Opportunity Costs & The Butterfly Effect
Opportunity cost is one of those fun concepts many people never think about. Unfortunately, it’s also one of the biggest things that unknowingly steals from us. But before we jump in, let’s define what it is.
“The loss of potential gain from other alternatives when one alternative is chosen.”
This is the dictionary definition of opportunity cost.
It can come in many forms, what you choose to do with your time, your money, and your attention. An easy example is that because you’re reading this post right now, you cannot simultaneously be climbing Mount Everest. You made a choice with your time to read this instead of doing something else. Was this the best use of your precious time? That’s what opportunity cost is.
Why I Love Opportunity Cost
I think opportunity cost is a great exercise in figuring out what you truly care about. A few months back, when we talked about value, you may remember that opportunity cost was one of the four components of my value equation. If your values are clear, then you already know what, where, when, and how you should be using your time, attention, and money.
I also think opportunity cost is closely tied to the idea of the butterfly effect. If you haven’t seen the 2004 movie The Butterfly Effect, it might be worth a watch.
The reason these two ideas feel connected is because one small decision can create massive ripple effects later in life. In the movie, small changes lead to drastically different outcomes. While we probably won’t experience what Ashton Kutcher does in the film, the reality remains: our choices today shape the life we live 5, 10, or 15 years from now.
I like to imagine it as a fork in the road with multiple paths. You can only pick one. Essentially, I’m trying to gather as much evidence as possible to choose the best path for me.
If you take the right “road” in this metaphor multiple times in a row, you’ll eventually end up in a place you never thought was possible. But only you know what the right decision is—because again, it all comes down to what you value.
A Real Example: Geckos vs. Bitcoin
On Black Friday 2022, I was sitting at home waiting to see what crested geckos would become available. Every year, I made large gecko purchases on this day to bring in new bloodlines and pick up geckos I could raise and resell the following year.
That year, I was only looking for one specific morph. I wanted to find it for $7,000 or less. But I had a decision to make: buy the gecko—or buy Bitcoin. At the time, Bitcoin was about $16,500.
I did end up finding the gecko I wanted, a juvenile male, 100% het axanthic lilly white crested gecko. If that sounds like gibberish, just know it was a rare and expensive morph.
Now I had a choice: buy the gecko for $6,300 or put that money into Bitcoin?
When I ran the numbers, the gecko looked like the better purchase at the time. A similar adult gecko had recently sold for $15,000. I figured I could raise him, breed him, sell the babies for a profit, and maybe even resell the adult down the line for a gain if I wanted to.

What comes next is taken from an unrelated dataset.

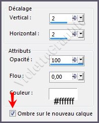 23 - sur le calque de l'ombre ** Effets/Effets 3D/Ombre Portée : -4/0/100/0/couleur #ffffff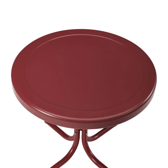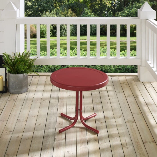 Relax outside for hours on our nostalgically inspired metal outdoor furniture. Set down your glass of iced tea on this sturdy steel side table, designed to withstand the hottest of summer days and other harsh conditions.

This wasn’t a random gamble for me, I’d been doing this for years. Raising, breeding, and selling geckos was something I knew well.
The Outcome
So, did I make the right decision?
Hell no.
I bought the gecko in November 2022. What I didn’t account for was the flood of crested geckos from South Korean breeders in early 2023. The market crashed. Thankfully, I only had two high-value geckos at the time. Some people lost tens of thousands of dollars between 2023 and 2024.
To make matters worse, my gecko—once he reached maturity—wasn’t even interested in breeding. No babies. No sales. No return on investment. This year at least.
In 2024, when I finally shut down my gecko business and sold off everything, I ended up getting just $2,050 for that gecko. That’s over a $4,000 loss, not including all the time and effort it took to care for him.
Had I bought Bitcoin that same day and held it, I would’ve had $25,833 when I closed the business, and $41,496 as of the day I’m writing this post.
That’s opportunity cost in action. I chose wrong, and the difference was about $40,000.
Now combine that idea with the butterfly effect. What could that extra $40,000 have meant for my life today? A better car? Earlier FIRE? Maybe. Maybe not. But multiply decisions like this across hundreds of daily choices, and it’s wild how much they could ripple across your future.
Everyday Opportunity Costs
Opportunity cost doesn’t just apply to big things like gecko investments. It’s in the small, everyday stuff too.
Take your daily coffee. Maybe it’s $5. No big deal. But over time? That adds up. The real question is: What are you giving up in exchange for that coffee?
If coffee brings you joy and energy and helps you tackle your day, then maybe that $5 is exactly what you should be spending. That’s why knowing what you value is so important.
I apply the same thinking to cars—my favorite indulgence. The costs are much higher than coffee, but it’s something I truly enjoy. As long as I’m still achieving my financial goals, I don’t see it as wasteful. But if it starts to interfere with those goals? Then it becomes a problem.
Final Thoughts
Thinking critically about how you spend your money, time, and attention is one of the best ways to figure out what you really value. Over time, you’ll see clear patterns in what matters to you—because that’s where your resources go.
I try to remind myself daily that everything has a cost, whether in time, money, or attention. So I try to spend each of those three wisely. If you can do that, anything is possible.